К началу зимы, когда Стив уже собирался покинуть госпиталь, пришла телеграмма с известием о приезде отца. Он очень удивился. В своем одиночестве в Белланде, в еще более уединенной жизни в госпитале он очень редко получал от него весточки. Старый О’Нил никогда не скрывал, что не одобряет увлечения сына авиацией. И хотя ему импонировало некоторое рыцарство, тем не менее он считал, что, предлагая себя на службу другому государству, не требовавшему от него ничего подобного, сын в какой-то степени предал отца. Подозревая о причинах, толкнувших на это Стива, он считал их безумными и очень лаконично отвечал на его письма: только те знаки уважения, которых сын заслуживал как солдат.
В общем, вот уже два года, как между ними пробежал холодок.

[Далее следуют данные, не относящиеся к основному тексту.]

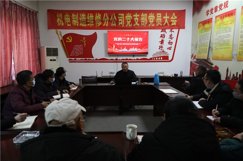 為深入學(xué)習(xí)貫徹黨的二十大精神和省委第十二屆二次全會精神,根據(jù)集團黨委安排,12月29日下午,副總經(jīng)理金大鈞赴機電制造維修分公司宣講黨的二十大精神,并提出工作要求。
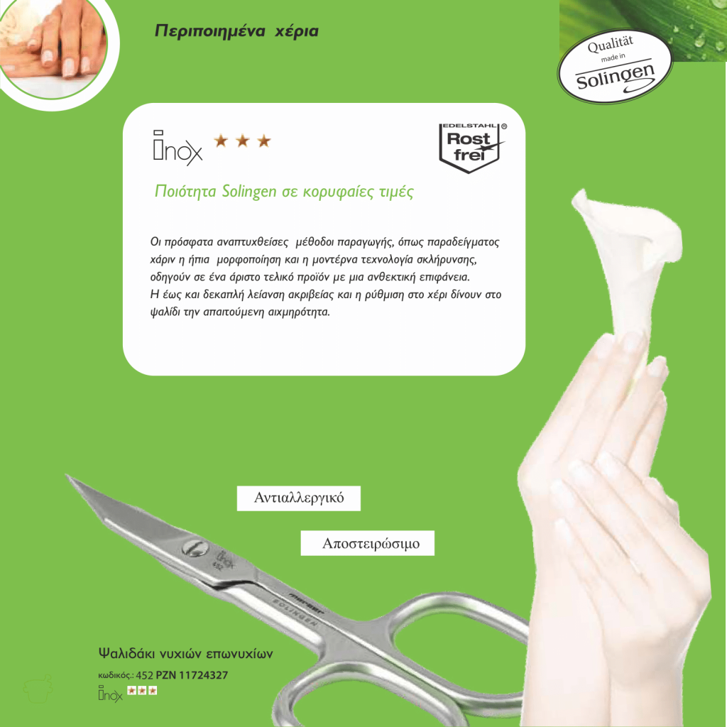 Τα ψαλιδάκια νυχιών και τα ψαλιδάκια για τα πετσάκια, οι τσιμπίδες, οι νυχοκόπτες, τα τσιμπιδάκια, οι λίμες και τα εργαλεία χειροκομίας (μανικιούρ) και ποδοκομίας (πεντικιούρ) κατασκευάζονται από κράματα σκληρυμένου χάλυβα.

Получив телеграмму, Стив отметил, что отец проявил смелость, решив пересечь Атлантику: уже несколько месяцев немецкие субмарины не переставали атаковать нейтральные суда; у всех в памяти еще не изгладилась «Лузитания» с американцами на борту. Но зачем? Как настоящий ирландец старый О’Нил всегда имел склонность к авантюрам. Всем известно было его пристрастие к разным удовольствиям, и слухи о новых наслаждениях, расцветавших во французской столице во время войны, наверняка достигли его ушей. Однако вряд ли это заставило бы отца пересечь океан в самый разгар военных действий. Стив был заинтригован, но ни одна из веских причин не приходила ему на ум. Как только смог держать в руке перо, он ясно изложил в письме отцу свое желание вернуться. Чтобы избавиться от грустных воспоминаний, он добавил, что устал от Европы и у него одна мечта: удачно жениться и устроиться в Филадельфии. Поскольку Стив долго потакал своим прихотям, следовал только своим капризам и безумствам, заставив отца долгие годы мучиться страхами за жизнь единственного сына, оставался только один выход: ему суждено было покориться.